## [Task input]
···

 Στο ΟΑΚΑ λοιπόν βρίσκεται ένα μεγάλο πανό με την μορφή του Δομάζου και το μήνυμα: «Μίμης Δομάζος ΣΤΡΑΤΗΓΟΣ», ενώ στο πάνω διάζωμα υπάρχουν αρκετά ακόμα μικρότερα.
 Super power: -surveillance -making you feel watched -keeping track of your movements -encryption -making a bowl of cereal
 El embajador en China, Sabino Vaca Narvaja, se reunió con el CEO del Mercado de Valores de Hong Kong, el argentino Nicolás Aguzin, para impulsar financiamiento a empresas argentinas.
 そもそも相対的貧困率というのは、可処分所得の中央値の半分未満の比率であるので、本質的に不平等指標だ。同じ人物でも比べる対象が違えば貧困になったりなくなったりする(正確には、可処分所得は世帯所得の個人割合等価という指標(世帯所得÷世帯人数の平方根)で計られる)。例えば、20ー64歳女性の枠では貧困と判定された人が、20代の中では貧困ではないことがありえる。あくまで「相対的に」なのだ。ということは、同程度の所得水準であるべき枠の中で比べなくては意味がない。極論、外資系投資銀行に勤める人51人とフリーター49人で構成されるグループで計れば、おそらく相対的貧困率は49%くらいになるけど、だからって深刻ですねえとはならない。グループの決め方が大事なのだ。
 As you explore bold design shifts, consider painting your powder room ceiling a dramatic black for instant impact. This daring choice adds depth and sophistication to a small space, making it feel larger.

···

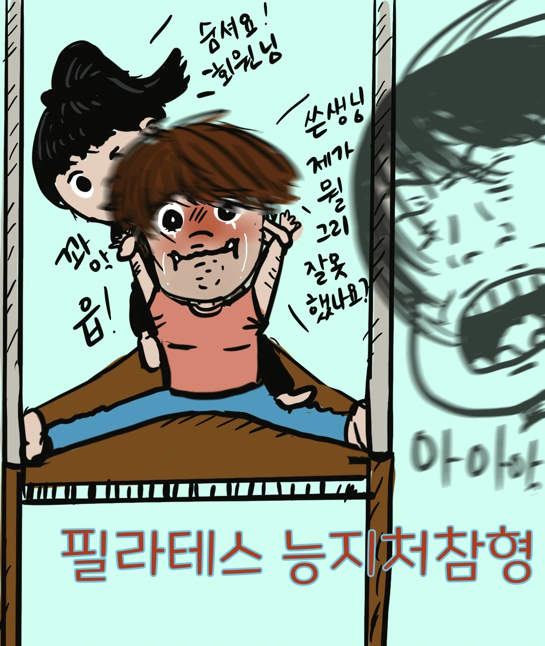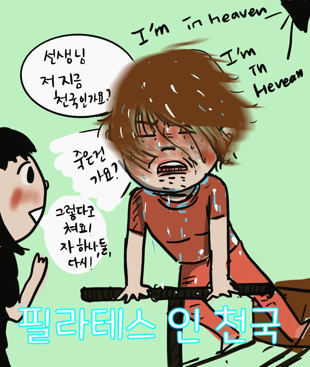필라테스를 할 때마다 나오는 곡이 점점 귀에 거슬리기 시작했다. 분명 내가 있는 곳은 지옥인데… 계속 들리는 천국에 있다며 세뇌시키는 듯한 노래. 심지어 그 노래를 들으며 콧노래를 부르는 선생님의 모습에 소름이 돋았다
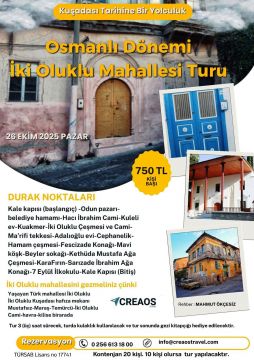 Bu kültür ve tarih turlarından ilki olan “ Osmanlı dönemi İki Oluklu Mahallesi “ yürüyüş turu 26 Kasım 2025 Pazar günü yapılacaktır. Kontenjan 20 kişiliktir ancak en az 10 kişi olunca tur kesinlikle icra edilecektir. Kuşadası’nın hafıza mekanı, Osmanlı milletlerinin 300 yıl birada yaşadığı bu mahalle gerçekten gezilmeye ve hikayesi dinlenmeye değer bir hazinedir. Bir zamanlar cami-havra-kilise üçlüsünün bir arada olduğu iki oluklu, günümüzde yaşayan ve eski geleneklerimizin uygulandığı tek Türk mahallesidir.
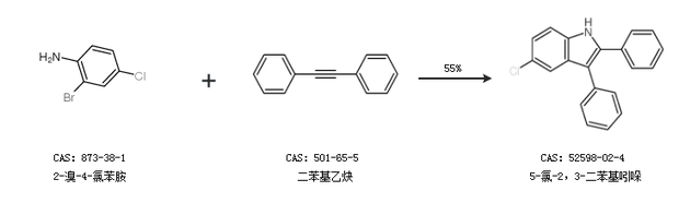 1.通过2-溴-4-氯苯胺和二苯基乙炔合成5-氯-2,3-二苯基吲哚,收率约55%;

···

## [Task item]
Your reply must consist of a number alone: the count of lines in the listing that contain the string "making".

## [Final answer]
2